The declaration in the XML file names a Java class, which implements the JBossAOP Interceptor interface. The logic, which executes when the pointcut is triggered, is placed into the invoke() method:

// LoggingInterceptor class
public class LoggingInterceptor 
   implements Interceptor {

   public String getName() { };

   public InvocationResponse invoke
     (Invocation invocation)
      throws Throwable { 
   }
}

The JBossAOP example demonstrates a different approach to AOP. But in the next section, I'll use AspectJ to develop a solution to the problem I brought up at the beginning of this article.
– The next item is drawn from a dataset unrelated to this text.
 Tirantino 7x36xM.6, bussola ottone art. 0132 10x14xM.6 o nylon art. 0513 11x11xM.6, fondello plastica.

Add an Aspect to a Java Application
You can use AOP to define a crosscutting behavior and solve the problem of poor logging design. You can add to the application the new behavior: logging information about Exceptions. The logging statements in the aspect use the Jakarta Common logging interface:

  1. Define an exception handler pointcut.
    You can define either named or anonymous pointcuts. The previous section's LogPoints aspect used anonymous pointcuts. This example uses a named pointcut:

        pointcut exceptionHandler(Exception e): 
           handler(Exception+) && args(e);

    The pointcut's name follows the pointcut keyword. The pointcut identifier is the handler(Exception+) part of the declaration. This pointcut specifies a joinpoint of the invocation of any exception handler for Exception or any of its subclasses. This definition specifies a named joinpoint in the program that can be referenced by an advice.
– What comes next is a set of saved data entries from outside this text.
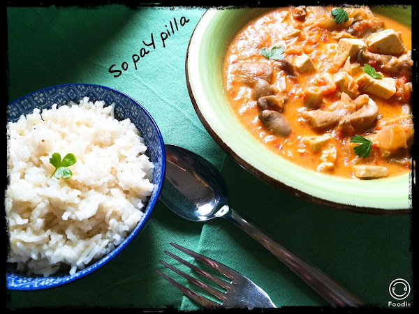 - Salteamos el arroz con la pimienta unos minutos, y lo servimos a parte para que cada uno se ponga la cantidad de arroz que quiera, la verdad es que con la salsita el arroz es imprescindible y está buenísimo!
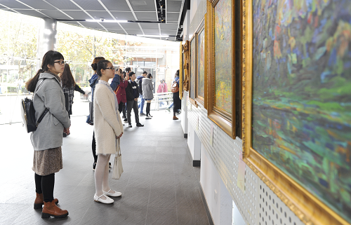 图为我校学生观看展览
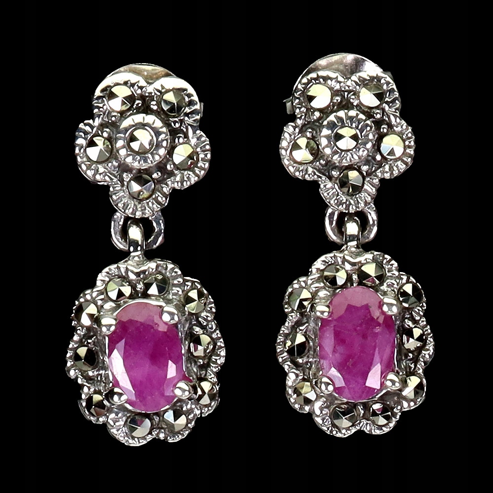 Oferujemy Państwu srebrne - próba 925- kolczyki z naturalnymi rubinami i markazytami.
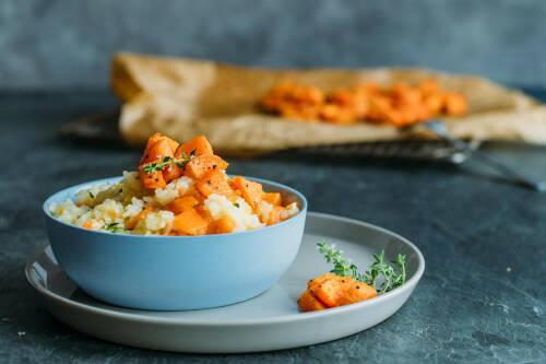 Risotto gehört zu den Klassikern der italienischen Küche. Doch wusstest du, dass du es nicht nur mit Pilzen oder Kürbis zubereiten kannst, sondern auch mit Süßkartoffeln und Bohnenkraut? Dazu sorgen Weißwein, Olivenöl und Knoblauch trotzdem für den bekannten Risotto-Geschmack und die neuen Zutaten bringen etwas Abwechslung in deine Küche.
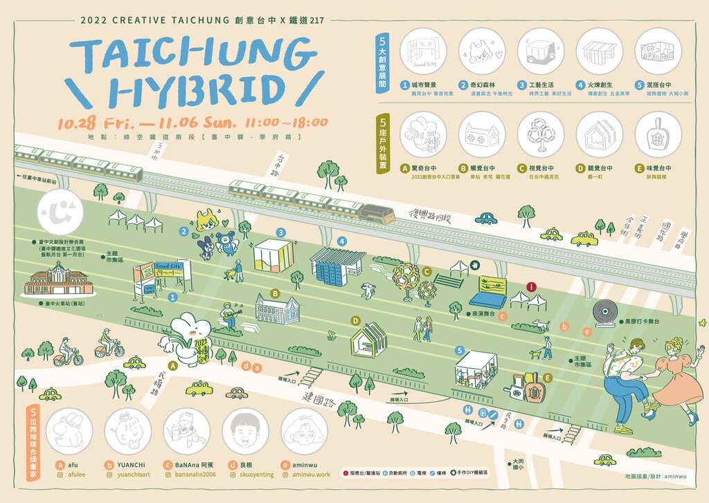 文化局指出,為導引民眾按圖索驥,逐一造訪精彩豐富的展覽作品,特邀插畫家aminwu繪製活動摺頁集章地圖,以台中「舊城區的摩登時代」為主題,將復古舞蹈元素融入各行業人物中,如購物女子、黑手大哥、旅人、工藝家、舞者等,展現歡樂節慶氛圍;活動期間民眾可於服務台索取摺頁,至各集章點蓋滿至少10個章後,填寫活動問卷,即可至服務台兌換主視覺口罩等小禮。

  2. Define the advice for the exception handler pointcut.
    The advice references the name of the exceptionHandler pointcut. It contains a block of code that writes a log message for the exception:

        after(Exception e): exceptionHandler(e) {
           log.error("Exception: " + e.toString());
        }
  3. Create an aspect that puts together the advice and the pointcut.
    If you add the pointcut and advice to the LogPoints aspect, you have a logging interface that creates log entries for before and after the execution of init() and doGet() methods, and whenever an exception handler for Exception or any one of its subclasses is invoked (see the resulting aspect in Listing 2).
  4. Compile and run HelloWorldServlet (see Listing 1) and the LogPoints aspect.
    The external interface to the ajc compiler is the same as the javac compiler. You can execute it at a command line or within an Ant script. The AspectJ distribution includes examples and Ant scripts. You also can compile it with the AspectJ Browser. The HelloWorldServlet gets a "count" request parameter and converts it into an integer. Entering any non-numeric character will cause a NumberFormatException, and the exception handler will be invoked. If it runs and generates the exception, these log entries are written:

    2004-02-28 15:21:56,527 INFO  HelloWorldServlet : 
       Exit: call(void HelloWorldServlet.
          init(ServletConfig))
    2004-02-28 15:21:56,543 INFO  HelloWorldServlet : 
       Enter: call(void HelloWorldServlet.
          doGet(HttpServletRequest, HttpServletResponse))
    2004-02-28 15:21:56,543 ERROR HelloWorldServlet : 
       Exception: java.lang.NumberFormatException: 
          For input string: " 4"
    2004-02-28 15:21:56,574 INFO  HelloWorldServlet : 
       Exit: call(void HelloWorldServlet.
          doGet(HttpServletRequest, 
             HttpServletResponse))

    The log entries show that a NumberFormatException was thrown within the HelloWorldServlet class's doGet() method.

You can use AOP to improve the manageability of your existing applications. It allows you to add crosscutting behaviors to existing applications, making it well-suited to implementing operational concerns such as logging, security, authentication, and performance monitoring that cut across a system. These types of concerns are often overlooked during development because they are separate from an application's core concern. Using AOP, you can add these crosscutting concerns in separate modules so they aren't tangled and scattered throughout an application. With multiple production-quality, open-source implementations to choose from, AOP is worth considering as part of an application upgrade.